Pogonophobia is the fear of beards.

== History ==
The term pogonophobia is derived from the Greek words pogon (πώγων) for "beard" and phobos (φόβος) for "fear."

David Smith's 1851 publication of The Covenanter of the Reformed Presbyterian Church describes the Jesuits of Baden as suffering "a veritable pogonophobia at the sight of a democratic chin."

The term is generally meant to be taken in a jocular vein. In the 1920s, psychologist John B. Watson was able to condition this fear in a young boy by means of classical conditioning methods.

In August 2013, Christopher Oldstone-Moore, history lecturer at Wright State University in Ohio, and author of The Beard Movement in Victorian Britain commented, "Facial hair for the past century has been thought to reflect a suspicious streak of individuality and defiance... Politicians, public servants and businessmen – and apparently journalists – risk their reputations if they abandon the razor."

Some relationship to "beardism" – discrimination based on facial hair – is claimed, and a difference in cultures is noted. Some association with claims of unhygienic beards (e.g., among homeless men) and fashion preferences of women. That various religious groups treat beards more or less reverently is also a factor, for example in Judaism and in Islam. Similarly, some groups require beards and forbid shaving, which has an effect on that society's norms and perceptions.

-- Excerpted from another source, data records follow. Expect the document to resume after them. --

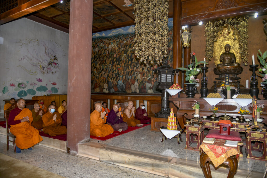 番地師に続き、大菩提寺所属の比丘衆、チベット僧によるの読経が本堂に響きわたり、お釈迦様への讃仰、世界平和が祈願されました。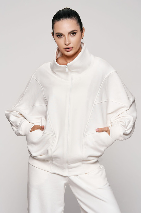 Спортивный женский бомбер свободного силуэта с рукавами "летучая мышь" и функциональными карманами по переду застегивается на молнию. Бомбер выполнен из высококачественного футера 3-х нитки класса "пенье". Лицевая сторона ткани гладная, изнанка - петлеобразная. Низ бомбера и рукавов выполнены из трикотажного полотна в рубчик (резинка) "кашкорсе" в тон основной ткани.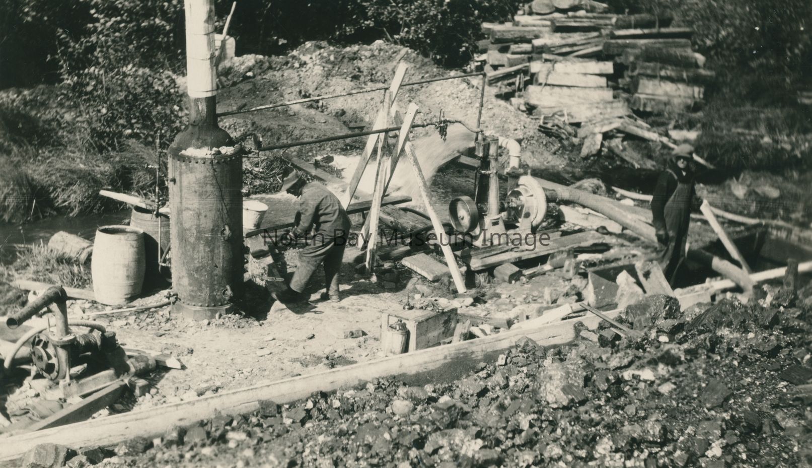 Print, Photographic - black and white photograph - shows two men manning a water pump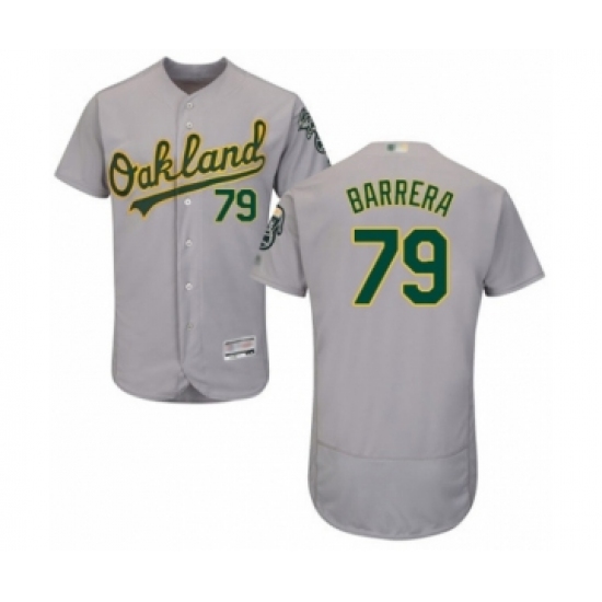 Men's Oakland Athletics #79 Luis Barrera Grey Road Flex Base Authentic Collection Baseball Player Jersey

== Accusations at the BBC ==

In August 2013, Jeremy Paxman accused his employers of pogonophobia after he was criticized in many newspapers and social networking sites for presenting the BBC's current-affairs programme Newsnight whilst sporting a beard. Paxman said: "Unless you're lucky enough to be Uncle Albert on Only Fools and Horses, Demis Roussos or Abu Hamza, the BBC is generally as pogonophobic as the late-lamented Albanian dictator, Enver Hoxha." He later wrote: "The thing is, I don’t normally like beards," and noting how he'd become a "poster-boy" for the Beard Liberation Front, Paxman lamented that he was "finding it quite a heavy burden".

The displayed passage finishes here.